27 JUL 2025 · 14 MIN READ

load balancer

#networking

load balancer is like salt. we assume they're there - by default.

but load balancer is one of the most crucial things out there because load balancers make scaling easy. they abstract out the elasticity of the infrastructure. for example, because of this load balancer, you don't care how many api servers are behind this. you simply don't care. you add more nodes, you remove nodes, it doesn't matter. the users don't need to know.

/static/img/53pm-2.webp

again, framework of opposites : either user knows the topology or user does not know the topology. in this case, of course users don't need to know how many servers are running behind the scenes. they don't, because they're like "hey, i want to publish this tweet" - post, done.
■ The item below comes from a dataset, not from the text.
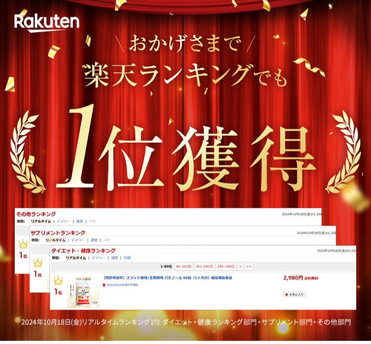 楽天ダイエットサプリ部門で1位を獲得した実績を持ち、テレビ番組『Dセレクション』での特集も話題を集めています。多くの視聴者や購入者から高い評価を受けている安心のサプリメントです。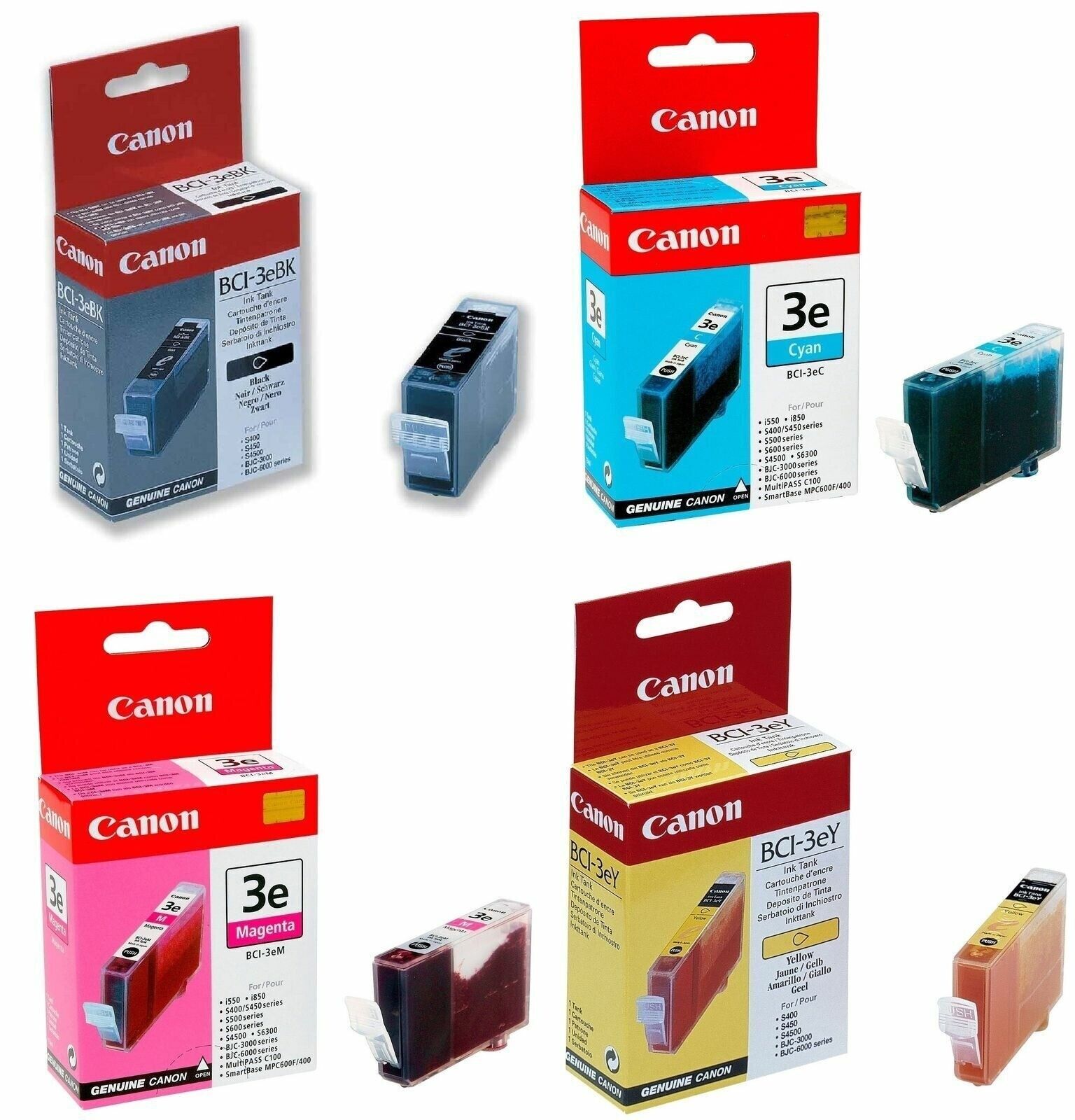 750 INKS *JOB LOT* GENUINE CANON BCI 3E BLACK CYAN YELLOW MAGENTA INKS - VAT INC

so load balancer essentially abstracts out the topology behind it.

what you'll take away

quick pointers so you know what to look for as you read:

  • load balancers make scaling easy by hiding topology. add nodes, remove nodes — users never know.
  • config lives in a db but is served from memory. a db lookup per request kills response times; the real problem becomes keeping the cache in sync.
  • push + pull beats either alone. pub/sub for instant updates, polling as the fallback — a plan b for your plan b.
  • health checks belong in a separate orchestrator. lb-side checks multiply traffic, customer-side heartbeats are absurd ux.
  • a monitor for the monitor means leader election. that recursive smell is your signal to make the system self-healing.
  • dns is how load balancers themselves scale. that's why aws hands you a domain name, not an ip.
now load balancers help you achieve two things:
  • fault tolerance (which means even if one of the servers is not available, your request can be routed to any other available server)
  • no overloaded servers (because the load is balanced).

absorb the patterns to achieve high availability.

✽ RECALL why does putting a load balancer in front make scaling "easy" — what exactly is being abstracted?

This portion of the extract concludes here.